* **HOW TO COMPLETE THIS TASK**: Reproduce word for word the line holding "Jakarta Pusat –" and all lines after it in the data, through the end, leaving out pictures.

___

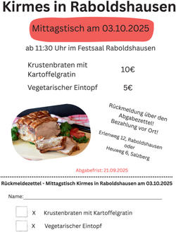 im Rahmen der diesjährigen Kirmes in Raboldshausen wird es im Anschluss an den Erntedankgottesdienst, der am 03.10.25 um 10:30 Uhr im Festsaal stattfindet, einen gemeinsamen Mittagstisch geben.
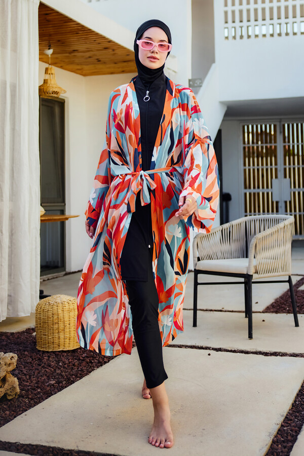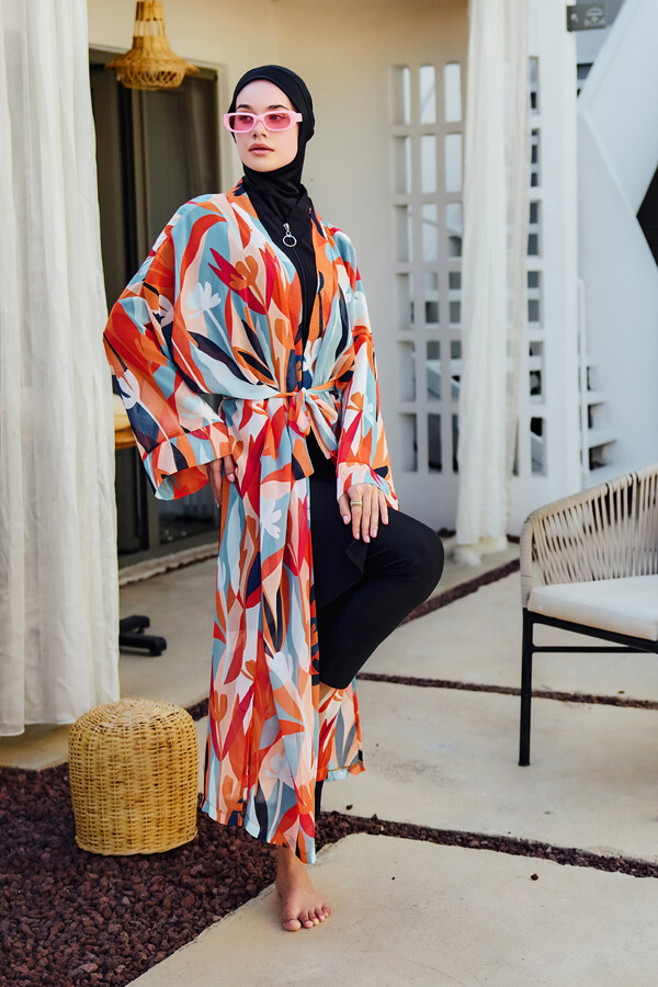 Modest Swimsuit Kaftan Kimono Pareo Orange RP027 Lotus
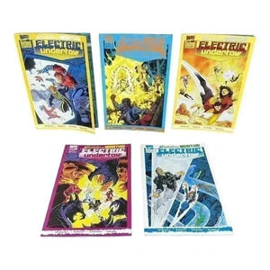 This is a complete set of Strikeforce Morituri Electric Undertow comic books from Marvel Comics. The set includes issues 1 through 5, all from 1989 and in great shape. These Copper Age comics feature the Strikeforce Morituri team and are a must-have for any comic book collector.
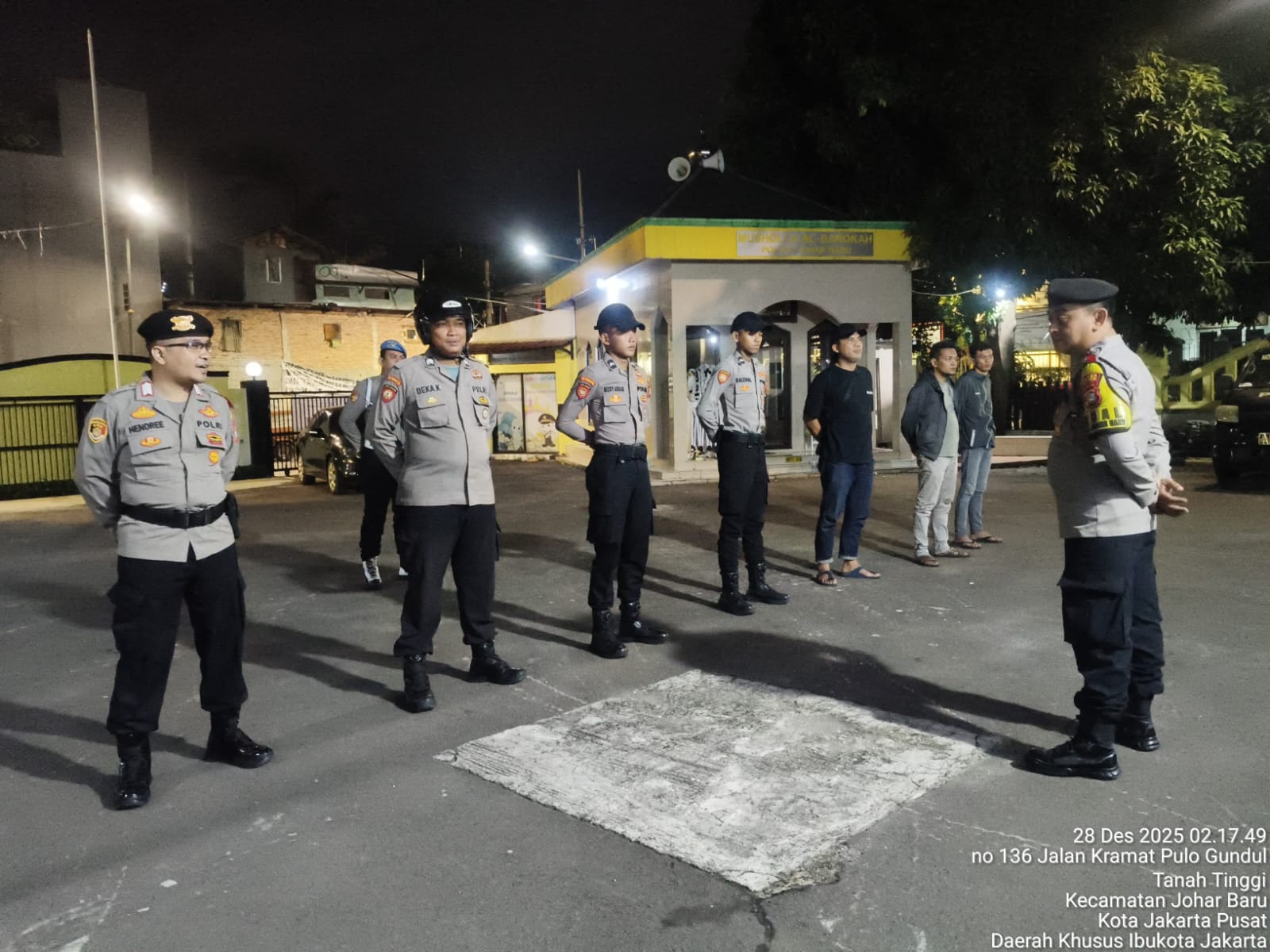 Jakarta Pusat – Guna mengantisipasi gangguan keamanan dan ketertiban masyarakat (guantibmas), Polsek Johar Baru melaksanakan Apel Patroli Cipta Kondisi di Halaman Polsek Johar Baru, Minggu (28/12/2025) dini hari pukul 02.13 WIB.
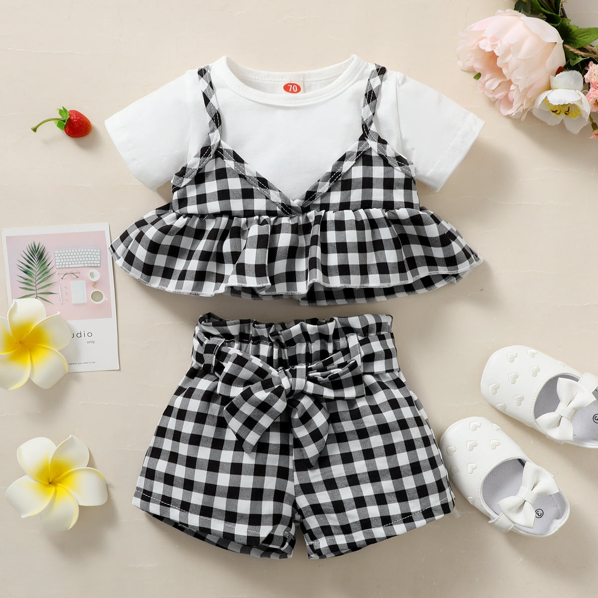 Baby Girl Beautiful Patchwork Top And Plaid Shorts Wholesale

___

* **WRITTEN ANSWER**:
 Jakarta Pusat – Guna mengantisipasi gangguan keamanan dan ketertiban masyarakat (guantibmas), Polsek Johar Baru melaksanakan Apel Patroli Cipta Kondisi di Halaman Polsek Johar Baru, Minggu (28/12/2025) dini hari pukul 02.13 WIB.
 Baby Girl Beautiful Patchwork Top And Plaid Shorts Wholesale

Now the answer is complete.